Am I correct in assuming that you'd still want paperless to keep the original for each document you uploaded until you decide that the OCR'ed version is alright?

For my use case, I only want to keep one version of any given document. The document should be a PDF/A with an OCR text layer. I'm not necessarily interested in paperless-ng converting my PDFs for me. I am content to perform all of the document preparation before uploading to paperless-ng. So my work flow is the following:

Scan documents.

I use a good quality scanner with an automatic document feeder (Fujitsu fi-6230)
I like gscan2pdf (http://gscan2pdf.sourceforge.net/) because it allows me to rearrange pages easily before saving to PDF

Run resulting PDF through ocrmypdf to generate an OCR'd PDF/A file
Visually verify resulting PDF/A. This is my final document. Everything else gets deleted.
Upload my final PDF/A to paperless-ng (or similar) to help me tag, add metadata, search, and organize my documents. If paperless-ng blows up, or goes away, or whatever, I want to have my documents safely stored on my file system with at least a minimal organized structure that is simple to back-up such as:

document_type/correspondent/YYY-MM-DD-document.pdf

This is not to say that incorporating PDF/A conversion into paperless-ng isn't a good idea--others may find it much more useful then me. I think it's a matter of how much of steps 1-3 you want to add. With your current set up, I think I would like to see a side-by-side comparison view that would allow me to visually inspect the "archived" and "original" versions before being confident about deleting the "original". This might not be so bad when uploading one file at a time, but might be challenging if there are multiple files to go through. Perhaps, present the user with a list of documents with two versions available and let the user choose to keep the original, delete the original, or retry the ocr step on the original with different settings, on a case-by-case basis.

I'm considering to move the archived file back into the originals folder and use the database to keep track of what's archived and what is not. This would result in all documents residing in a single folder, instead of multiple.

I wouldn't. I would keep the final PDF/A document in a separate directory from files that have yet to be OCR'd and converted to PDF/A's as currently implemented. I always want to be able to simply look at the file system and see what is going on.

1 reply

jonaswinkler Dec 12, 2020
Maintainer

Regarding tags and folders

This seems easy enough. I'll have that added soon.

Original vs.
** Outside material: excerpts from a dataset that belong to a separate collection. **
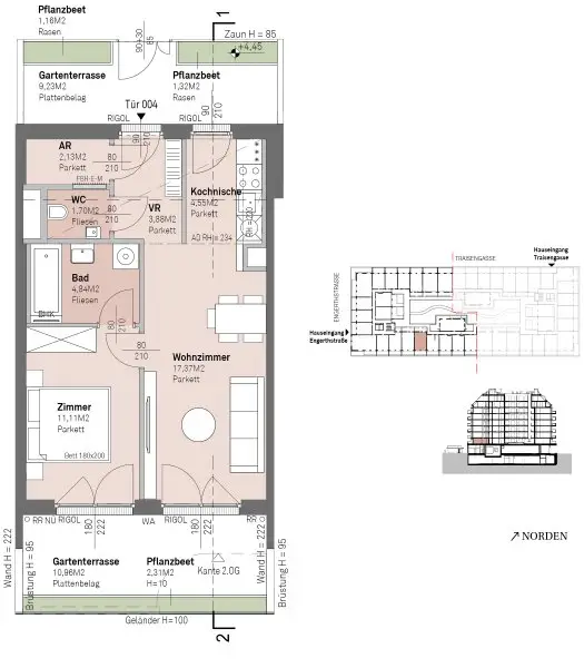 Die modernen 2-Zimmer-Wohnungen sind ideal für Singles und Paare. Mit 37 bis 45 m² vereinen sie einen offenen Wohn-/Essbereich, ein separates Schlafzimmer sowie Zugang zur Terrasse oder zum eigenen Garten. Höchsten Wohnkomfort bieten auch die Maisonette-, Garten- und Hofwohnungen mit 3 oder 4 Zimmern. Die Gartenwohnungen verfügen über private Grünflächen, während Hofwohnungen direkten Zugang zum begrünten Innenhof haben. Die Dachgeschoßwohnungen und Penthouses bieten luxuriöses Wohnen mit 43 bis 126 m² und 2 bis 4 Zimmern. Atemberaubende Ausblicke und ein begehrter Rückzugsort im Herzen der Stadt zeichnen diese Einheiten aus.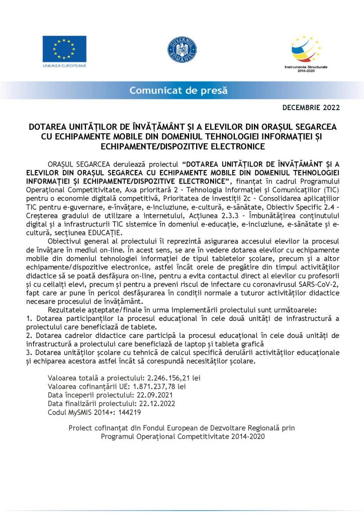 DoljEconomieDOTAREA UNITĂȚILOR DE ÎNVĂȚĂMÂNT ȘI A ELEVILOR DIN ORAȘUL SEGARCEACU ECHIPAMENTE MOBILE DIN DOMENIUL TEHNOLOGIEI INFORMAȚIEI ȘIECHIPAMENTE/DISPOZITIVE ELECTRONICE Jurnalul Olteniei 21 decembrie 2022 Share SHARE Jurnalul Olteniei See Full Bio Distribuie acest articol Facebook Whatsapp Whatsapp Email Copy Link Print Articolul precedent Olt. Aproape două tone de articole pirotehnice, descoperite la două persoane Articolul următor Dolj. S-a semnat contractul pentru elaborarea DALI necesară accesării fondurilor pentru reabilitarea Palatului Administrativ Ultima ora Se știe grupa în care poate juca România la Cupa Mondială din 2026 5 decembrie 2025 Dolj: Ajutoare sociale de peste 76 milioane lei 5 decembrie 2025 Cea de-a VII-a ediție a Semimaratonului Craiovei a avut loc sâmbătă, 18 octombrie 2025. 5 decembrie 2025 ANUNT PRIVIND ORGANIZAREA ACHIZITIEI DE UTILAJE . MINIEXCAVATOR – LOTUL 1, UTILAJ DE FORAT HIDRAULIC – LOTUL 2 – RELUATÃ 2 5 decembrie 2025 Modernizarea CF Filiași: Începe proiectarea 5 decembrie 2025 Testare gratuită HPV la Spitalul Județean Târgu Jiu 5 decembrie 2025 CE Oltenia raportează emisii scăzute de dioxid de carbon 5 decembrie 2025 DIICOT a destructurat un grup de proxenetism în Mehedinți 5 decembrie 2025 Legea pensiilor magistraților, atacată, din nou, la CCR 5 decembrie 2025 Magia Crăciunului Târgu Jiu: Seară de neuitat 5 decembrie 2025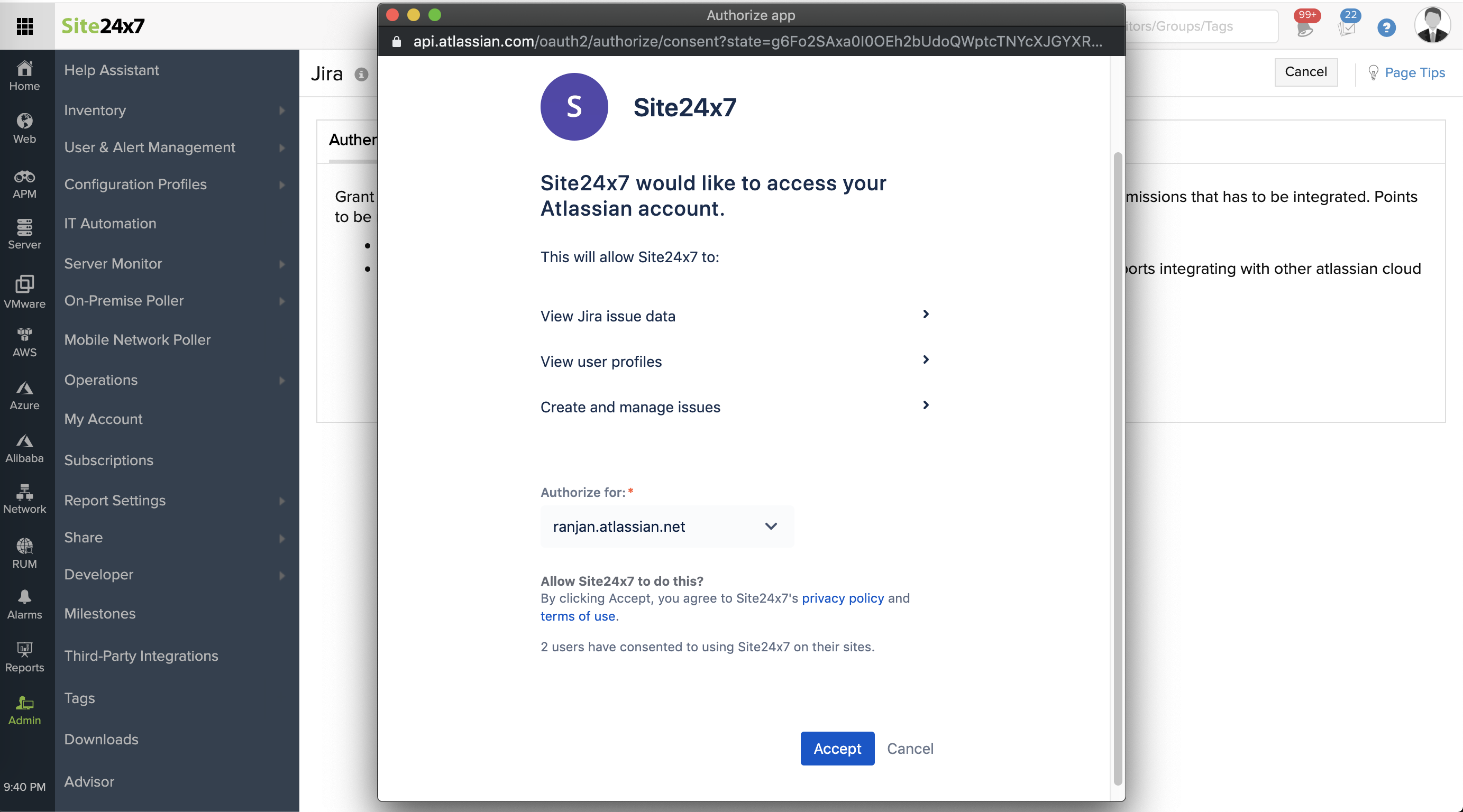 - Log in to your Jira Account. In the Consent pop-up that opens, click on Accept to integrate your Site24x7 account with your Jira account.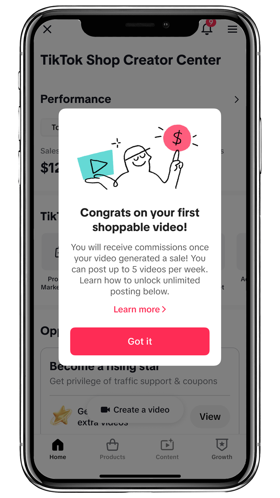 当观众通过您的购物视频、直播或分享的联盟链接下单时即可获得佣金。粉丝量低于5000的TikTok Shop达人每周限发5条购物视频。立即创建佣金账号开启变现。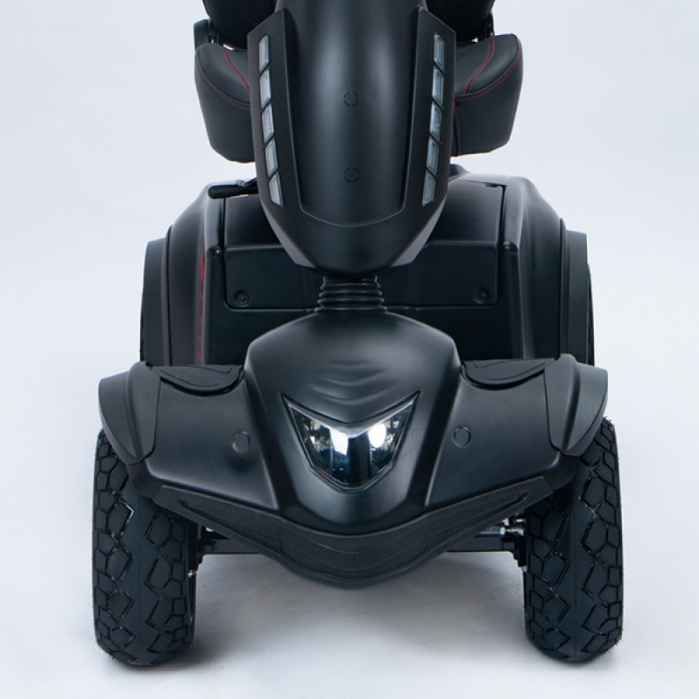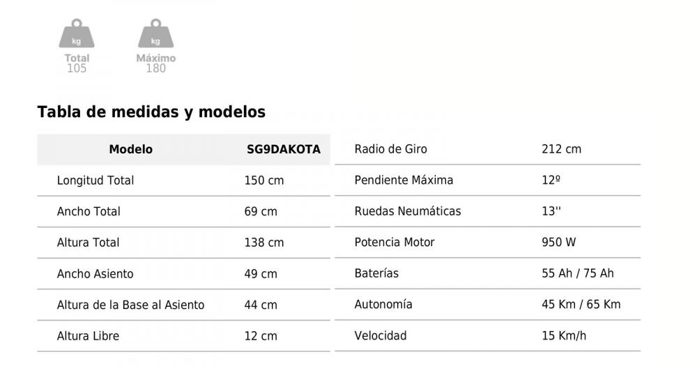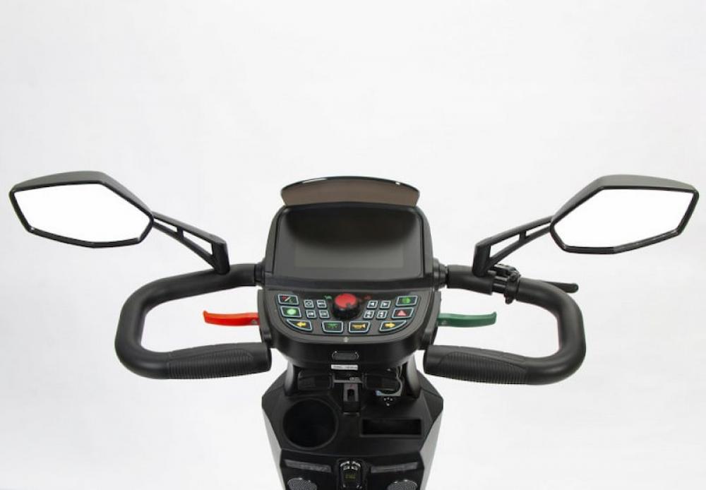 Su potente motor con 950 W permite superar pendientes de hasta 12º, mientras que las baterías de 55 Ah o 75 Ah proporcionan gran autonomía a este robusto scooter que soporta hasta 180 Kg.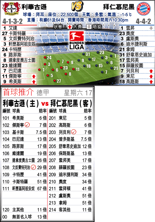 拜仁慕尼黑近況雖好,但防線仍問題多多,加上周中在歐聯搏殺完,故周六於德甲作客利華古遜,沒有贏波把握,平手當取主隊利華古遜,兼取入球「大」。(球賽編號:星期六17;有線61及64台今日10:30pm直播)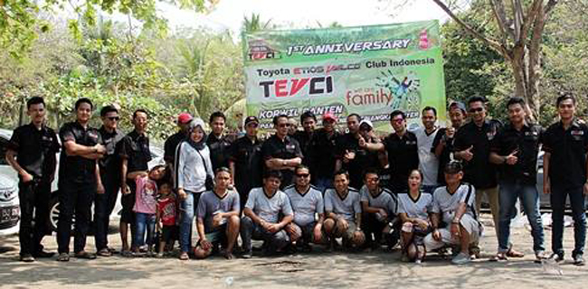 Komunitas pecinta mobil Toyota Etios Valco Club Indonesia (TEVCI) Korwil Banten menggelar tasyakuran hari jadi pertamanya di Batu Saung Teneng, Cinangka, Banten. Gelaran bertemakan "Fun for TEVCI's Family" tersebut diramaikan oleh seluruh anggota keluarga member TEVCI yang hadir.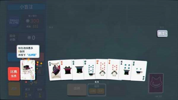 玩家一开始就携带一副包含52张扑克牌的牌组,手中一直保持8张牌。每当出牌或者弃牌后,牌会自动补充至8张,不过出牌和弃牌的次数都存在一定限制。

Archived document version

Well, it seems you've found a workflow that works out for you. gscan2pdf is nice, I use that as well on linux.

I'll keep your comments about comparing originals and archived versions in mind. Someone else also commented about the ability to compare both versions. I might do something like that in the future.

When I implemented the mechanics regarding originals and archived documents in this way, I was primarily concerned about users who don't want their original documents touched/messed with in any way as well as users who just want paperless to do the OCR steps all by itself, without caring too much about the details. This is the best I was able to come up with.

alexgrahamuk · 2021-01-08T15:39:12Z

alexgrahamuk
Jan 8, 2021

Just starting to use paperless ng and I'd like to tag the document type against two users and then use correspondent as inciter of the correspondence. My scanner has a number of shortcuts I've setup for this but obviously it isn't picking up on the naming convention User-Correspondent* == {document_type}-{correspondent}- is there going to be a patch available soon or should I just hack something in and make a pull request?

2 replies

jonaswinkler Jan 8, 2021
Maintainer

I'm not exactly sure I understand what you're trying to do. Are you saying that your files are named something like documenttype-correspondent-*.pdf and you'd like paperless to pick these up?

If so, we've had something like this in paperless before, but more often than not, it would not pick up correspondent names and tags in the intended way, and in result would fill the DB with lots of incorrect information.

If not, please elaborate.

Regarding making a PR: please don't just hack something into paperless. Consider other users as well. Both the users that don't want to use that feature and users who want to use it, but not in the exact way you've specified (maybe they want a different format).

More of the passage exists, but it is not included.